With visions of that dancing in my head, I threw my purse on top of Helen’s box, and held it down with one hand while driving like a demon for my exit. The box rocked and rolled. I tapped on it, hoping to…not scare her, rather…communicate. Yes! My tapping was me spelling w-a-t-e-r to Helen, assuring her she didn’t need to panic cuz I was doing enough of that for both of us.
I prayed my exit was coming up. It was! I prayed Petra would be pulling into the gas station at the same time as me. And she did.
Clearly Petra thought I had everything under control. I guess my wild eyes and shriek about Helen wanting out of the box NOW gave Petra pause. Instead she tossed aside her paperwork and opened the car door. Helen’s arm reached out from the box’s crap-o taped bottom (formerly top.) Petra pushed the paw back inside. Helen then punched her nose out the hole she had chewed in the box’s top (formerly bottom.) I think I yelped. Not sure. Everything went black for a second.
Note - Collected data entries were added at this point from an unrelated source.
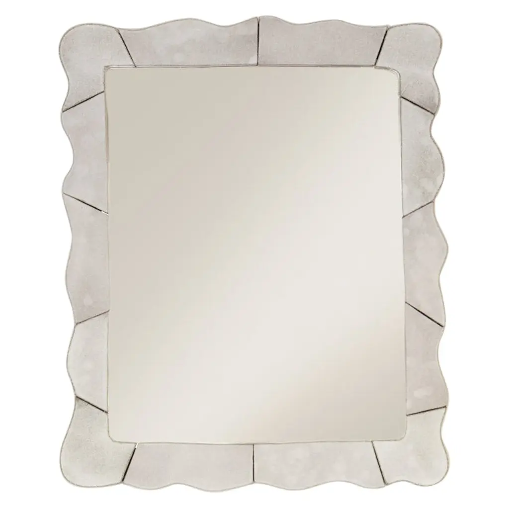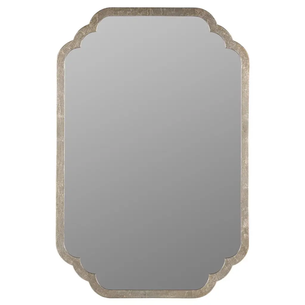 Add a modern twist to any bathroom or hallway with this interesting silver mirror. Cut out shapes add a contemporary spin to the classic frame.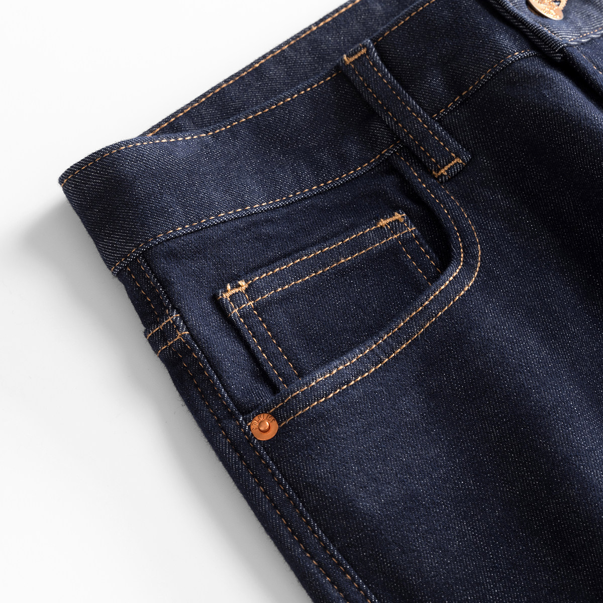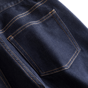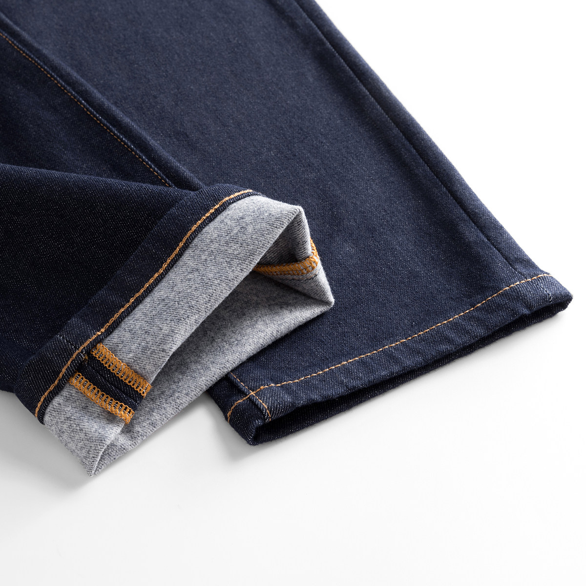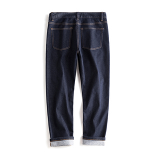 不褪色微宽松小直筒高端百搭 深蓝色9分裤 秋冬加绒羊毛牛仔裤 男士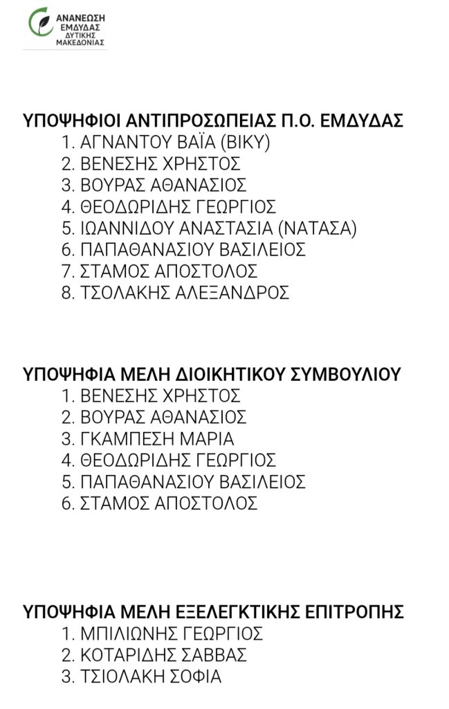 Υποψήφιοι για το ψηφοδέλτιο ΑΝΑΝΕΩΣΗ στις εκλογές ΕΜΔΥΔΑΣ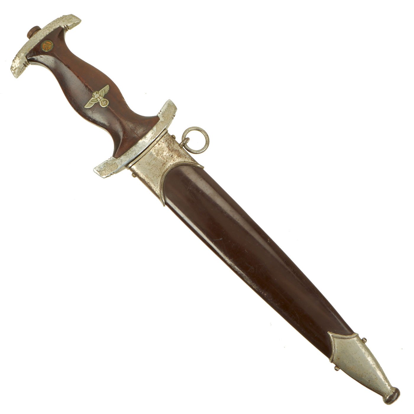 The SA or Brown Shirts, were a private political formation which Adolf AH and the NSDAP used to maintain order at organized Party meetings and demonstrations. The group was formed in 1921, and grew to a huge force of nearly 3,000,000 men by the later 1930's. To instill esprit de corps, as well as create employment for the Blade City of Solingen, it was decided each SA man would carry a dagger with his Brown Shirt uniform. Huge quantities needed to be produced to accommodate the demand. The dagger initially was produced of hand-fitted nickel mounts with attractive finished wood grip and brown anodized (a bluing process) finished scabbard.
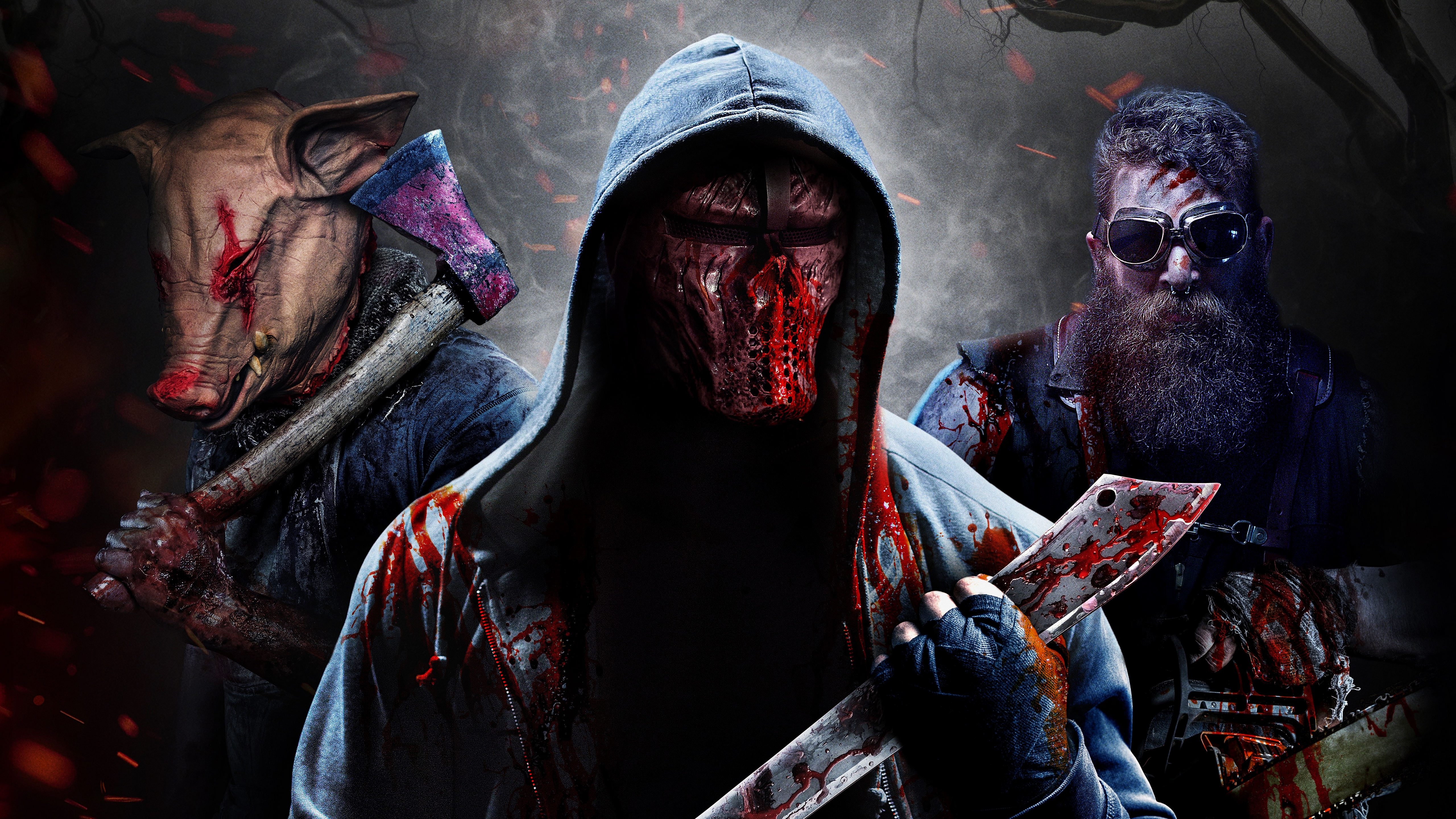 Description: A group of zombies with bloody faces and bloody hands holding knives and knives in their hands.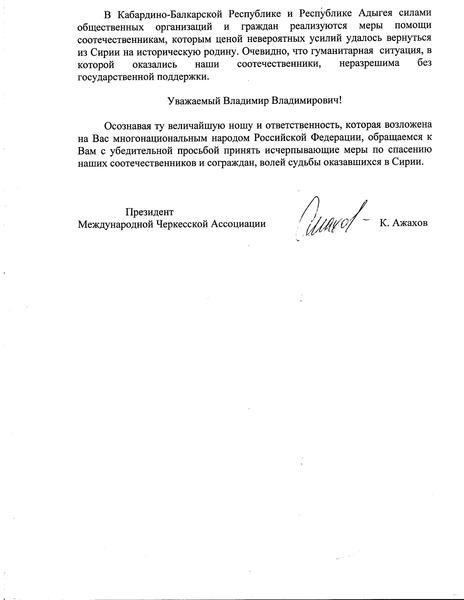 Осознавая ту величайшую ношу и ответственность, которая возложена на Вас многонациональным народом Российской Федерации, обращаемся к Вам с убедительной просьбой принять исчерпывающие меры по спасению наших соотечественников и сограждан, волей судьбы оказавшихся в Сирии.
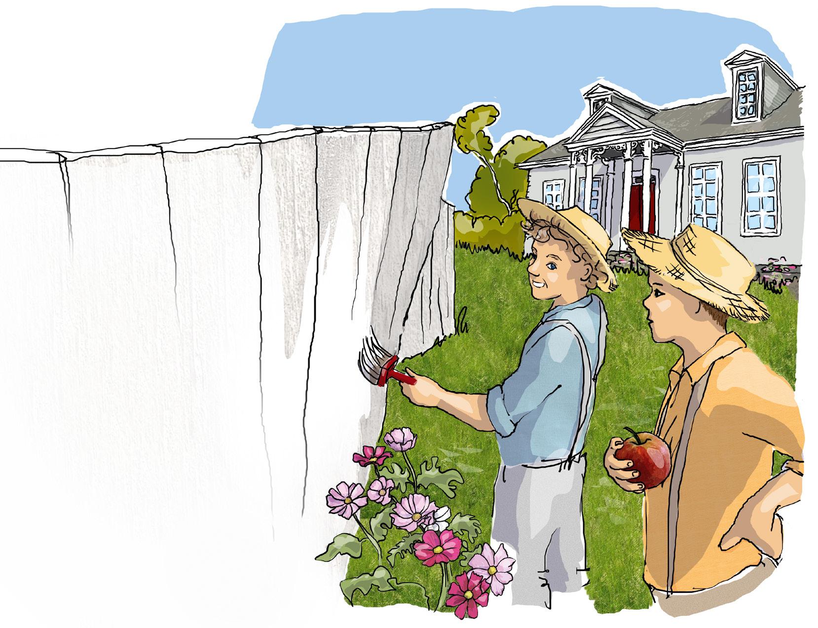 Tom målar ett staket skönlitteratur hjälpa till hemma verb: like + ing-form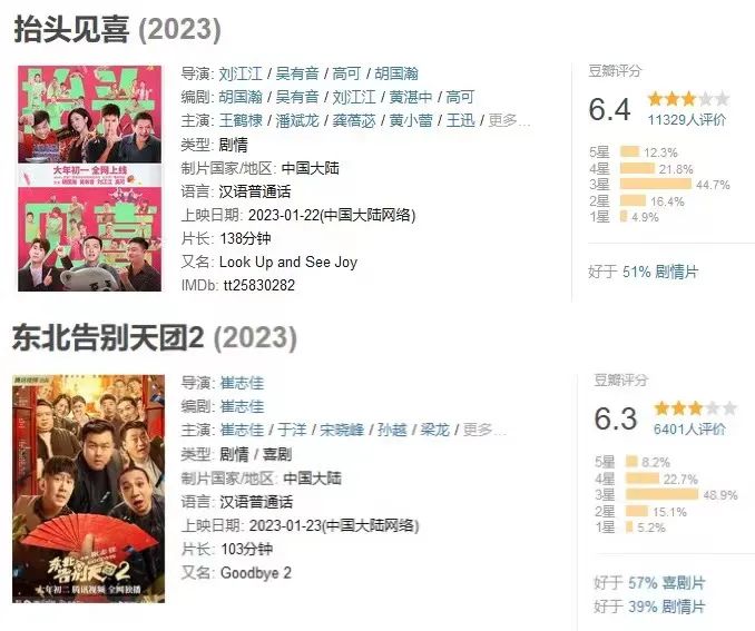 目前已开分的6部影片中,《抬头见喜》《东北告别天团2》两部喜剧的豆瓣评分分别达到了6.4和6.3,创造了近三年春节档网络电影的口碑新高。在优质口碑的推动下,两部影片的分账票房也都顺利突破了千万关口。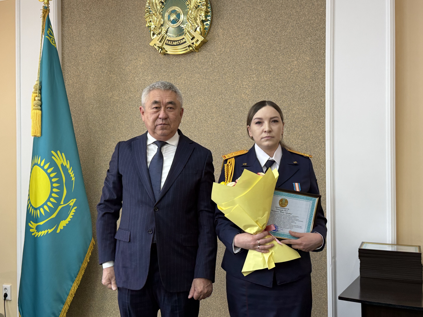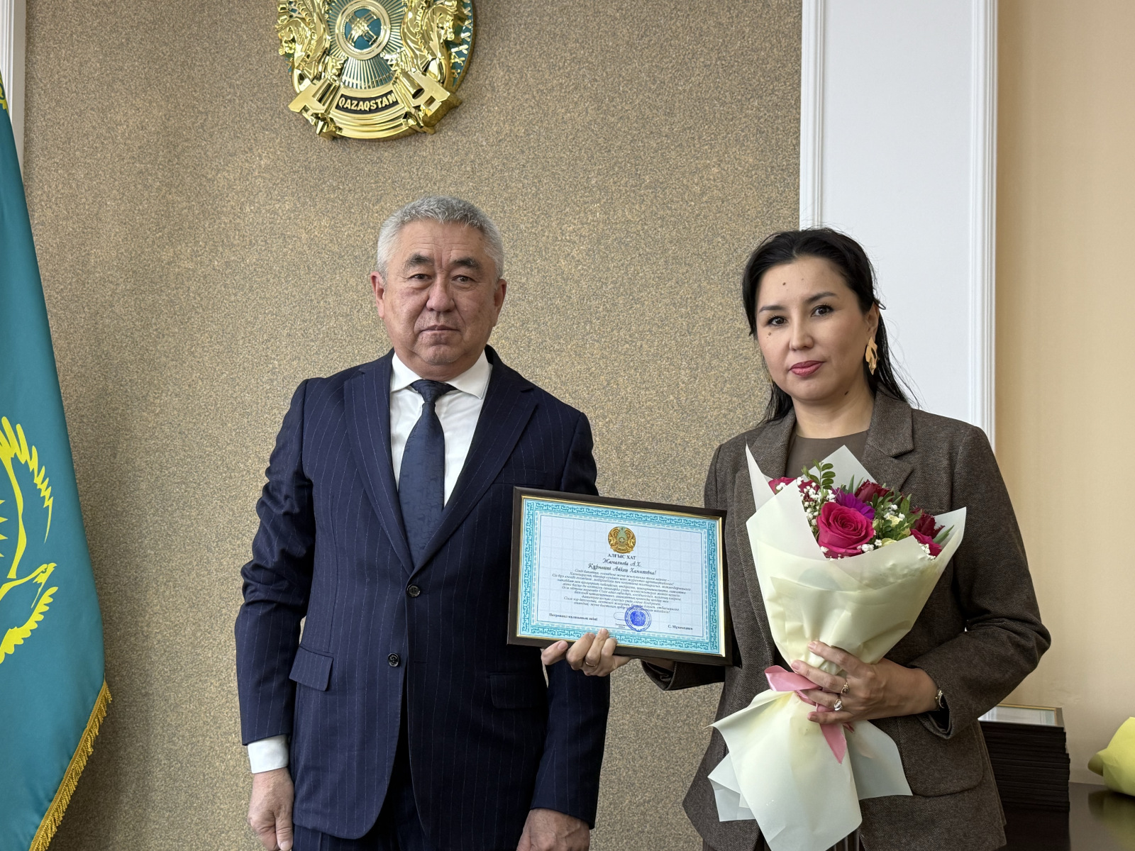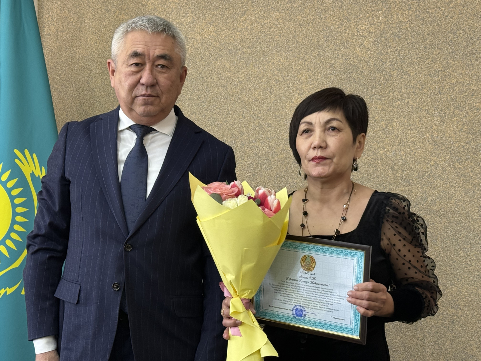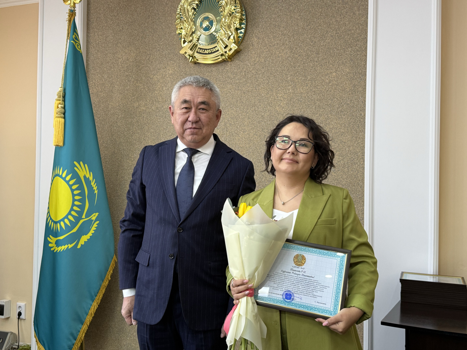 Директору Петропавловского центра социальной адаптации Айгуль Ахметовой и старшей медицинской сестре ревматологического отделения областного кардиологического центра Татьяне Гришиной градоначальник вручил почетную грамоту и благодарственное письмо от акима области.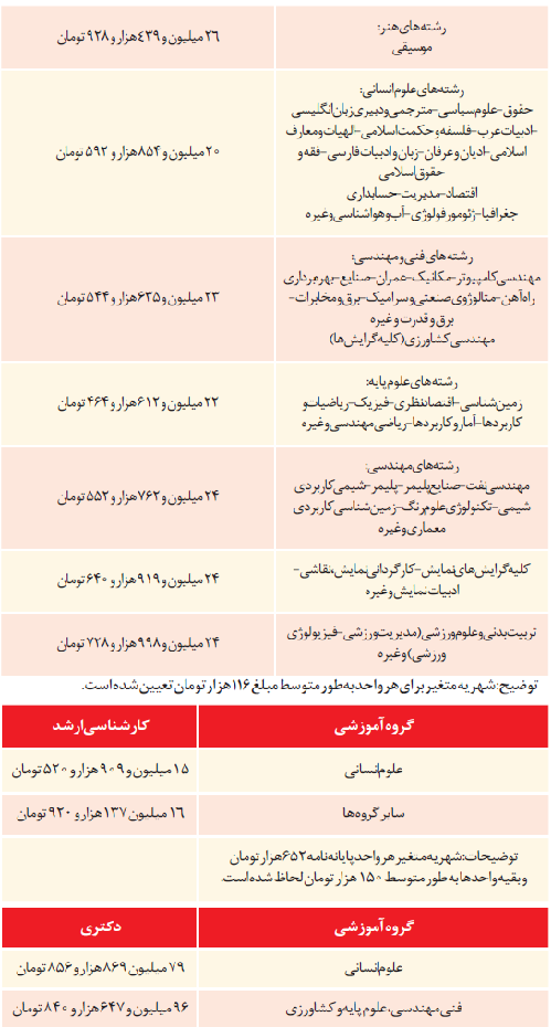 در ادامه، حداقل شهریهای که دانشجویان کارشناسی، ارشد و دکترا باید برای تحصیل و دریافت مدرک در این دانشگاه پرداخت کنند، بررسی شده است.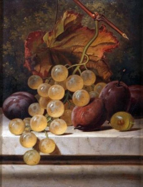 | Still Life Study of White Grapes and Plums on a Marble Ledge | |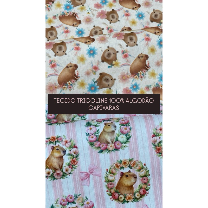 Comprar na ShopeeTecido Tricoline estampado 100% Algodão Capivara e Florzinhas - 0,25cm x 1,50mt

When I came to, Petra had a small pet carrier and a yellow bath towel. She opened the top and peered down at Helen. She then dropped the towel into the box and scooped my raccoon up like they had been made for each other. I watched with envy while Petra held Helen up to inspect her. Helen hung limp like a rag doll. Nothing like the boxed maniac terrorizing me down I-69.
“She has no eyes,” Petra finally said. “There is nothing there.”
I felt bad for thinking of Helen as a maniac. She didn’t have eyes!
Petra determined Helen was 3 months old, and was amazed she had lived that long. I wasn’t. Helen had been born to the right raccoon mom who, generations before her, had set up camp in the woods behind my house. Helen didn’t have to go far from her bed to get food and water. Ideal in every way to nurture a baby raccoon with birth defects.
I donated to Helen’s care, and Petra and I hugged twice. I was teary driving home, relieved Helen would be safe from harm. Relieved there are Petra’s out there to devote their every waking moments to critters in desperate need. Relieved I wouldn’t have to worry about the helpless little basketball of fluff groping her way around my yard.
Before we parted, Petra told me she currently had 20-some raccoons in her care, one of which had a broken leg. Clearly God put Petra in my path. Who better to take Helen than someone totally devoted to the species?